21 Março 2017
“Foram postos em movimento mecanismos complexos de ‘recepção da Amoris laetitia’, que tiveram e terão consequências muito além da pastoral familiar. O caminho do sujeito familiar contribui, assim, para desclericalizar a Igreja. Portanto, para superar a sua tentação à autorreferencialidade.”
O comentário é do teólogo italiano Andrea Grillo, professor do Pontifício Ateneu Sant’Anselmo, em Roma, do Instituto Teológico Marchigiano, em Ancona, e do Instituto de Liturgia Pastoral da Abadia de Santa Giustina, em Pádua. O artigo foi publicado por Come Se Non, 19-03-2017. A tradução é de Moisés Sbardelotto.
Eis o texto.
Dizia R. Strauss, o grande musicista alemão, que o fundamental em qualquer boa peça musical é como se inicia. Poderíamos acrescentar que igualmente importante é como se conclui. Incipit e explicit são chaves de leitura fenomenais para entender a qualidade e a autoridade de um texto.
Em um romance como Anna Karenina ou em qualquer grande fuga de Bach, depois de inícios solenes e longas e intermináveis peregrinações musicais e narrativas, chega a conclusão. E “você nunca sabe onde está” e “nunca está onde sabe” – como escreveu G. Caproni de modo inconfundível.
Para fazer os votos pelo primeiro ano de vida da Amoris Laetitia, eu pensei que seria muito útil relê-la de modo desinteressado, quase com distanciamento. E encontrei nela muitas outras pérolas. Assinalo apenas um incipit e um explicit valiosos, sobre os quais gostaria de formular o meu desejo.
Eis como inicia o primeiro capítulo da Amoris laetitia, no número 8:
“A Bíblia aparece cheia de famílias, gerações, histórias de amor e de crises familiares, desde as primeiras páginas onde entra em cena a família de Adão e Eva, como seu peso de violência mas também com a força da vida que continua...”
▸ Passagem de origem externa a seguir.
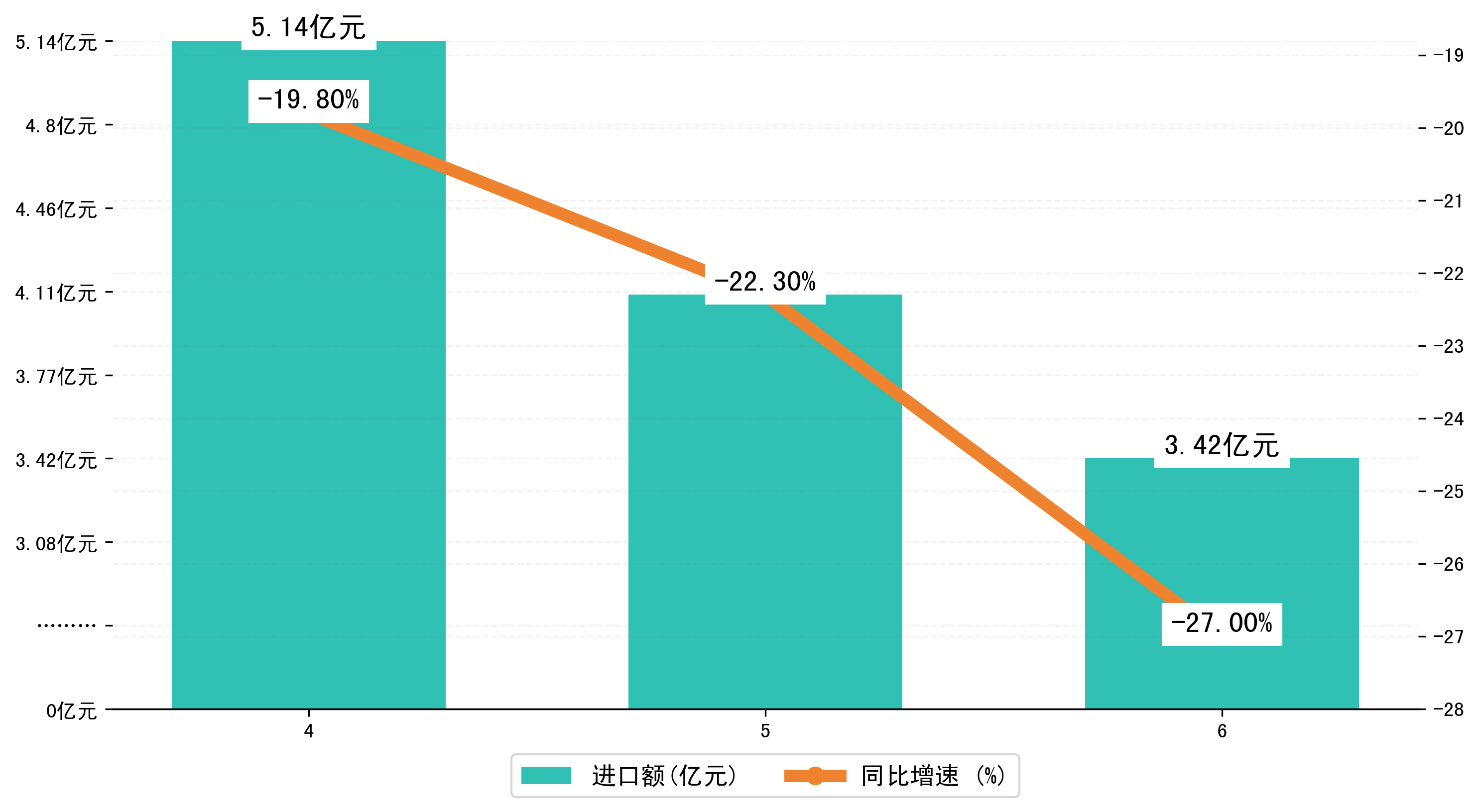 以人民币计,2024年6月蚌埠市进口额为3,4240.0699万元,相比上月减少了6738.0969万元;相比上年同期减少了3,1425.8498万元,同比减少了-27.00%。

É salutar para a tradição restituir a palavra primeiro ao texto bíblico antigo, com a sua opacidade e crueza. Somente fazendo memória desses textos é que podemos permanecer “inquietos” ao ler a realidade que vivemos, que projetamos e que sofremos. A Bíblia nunca tranquiliza: torna atentos, torna inquietos. A Amoris laetitia diz isso abertamente, contra todas as tentações consolatórias e paralisantes. Não há paz sem inquietação.
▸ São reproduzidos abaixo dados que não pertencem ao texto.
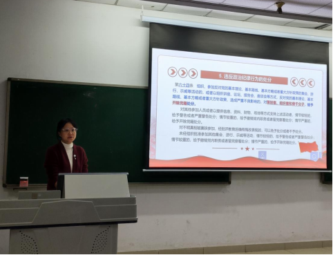 11月28日,必一·运动(B-Sports)官方网站在成龙校区第一教学楼A116教室开展了《中国共产党纪律处分条例》专题党课学习。本次党课由党委副书记、纪委书记汪闱领学,必一·运动(B-Sports)官方网站党政领导班子成员及全体教职工参会。

As últimas linhas da Amoris laetitia são uma pequena obra-prima de síntese e de parrésia. Escutemos um trecho central do último número, o 325:
“... como recordamos várias vezes nesta exortação, nenhuma família é uma realidade perfeita e confeccionada de uma vez para sempre, mas requer um progressivo amadurecimento da sua capacidade de amar. Há um apelo constante que provém da comunhão plena da Trindade, da união estupenda entre Cristo e a sua Igreja, daquela comunidade tão bela que é a família de Nazaré e da fraternidade sem mácula que existe entre os Santos do céu. Mas contemplar a plenitude que ainda não alcançamos permite-nos também relativizar o percurso histórico que estamos fazendo como família, para deixar de pretender das relações interpessoais uma perfeição, uma pureza de intenções e uma coerência que só poderemos encontrar no Reino definitivo. Além disso, impede-nos de julgar com dureza aqueles que vivem em condições de grande fragilidade. Todos somos chamados a manter viva a tensão para algo mais além de nós mesmos e dos nossos limites, e cada família deve viver neste estímulo constante. Avancemos, famílias; continuemos a caminhar!”
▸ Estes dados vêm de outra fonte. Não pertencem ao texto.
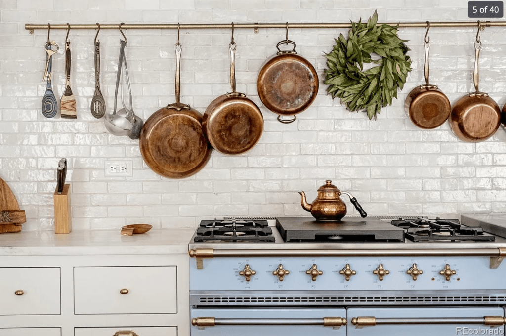 This caught my eye because A. it’s lovely and B. I’m designing a kitchen right now with a pot rack like this behind the stove. (Photo Source)

À primeira leitura, não as tínhamos escutado com toda essa profundidade. O seu tom, num primeiro momento, ressoava como que abafado e silenciado. Agora, à luz desses 365 dias de recepção, escutamos novamente aqui, antecipadamente, todo o trabalho eclesial, que busca um novo equilíbrio entre impulso ideal e resistência à idealização, entre a pretensão de antecipar o definitivo e a renúncia a não se contentar com o penúltimo.
Pretensões menores de perfeição e impedimentos maiores para julgar duramente as fragilidades não são uma ameaça à doutrina, mas o único modo de torná-la fiel ao Evangelho. A incompletude e a imaginação, assim, tornam-se requisitos essenciais da consciência doutrinal e da experiência de discernimento. Pequena obra-prima de equilíbrio e de franqueza, compossíveis e, por isso, irresistíveis.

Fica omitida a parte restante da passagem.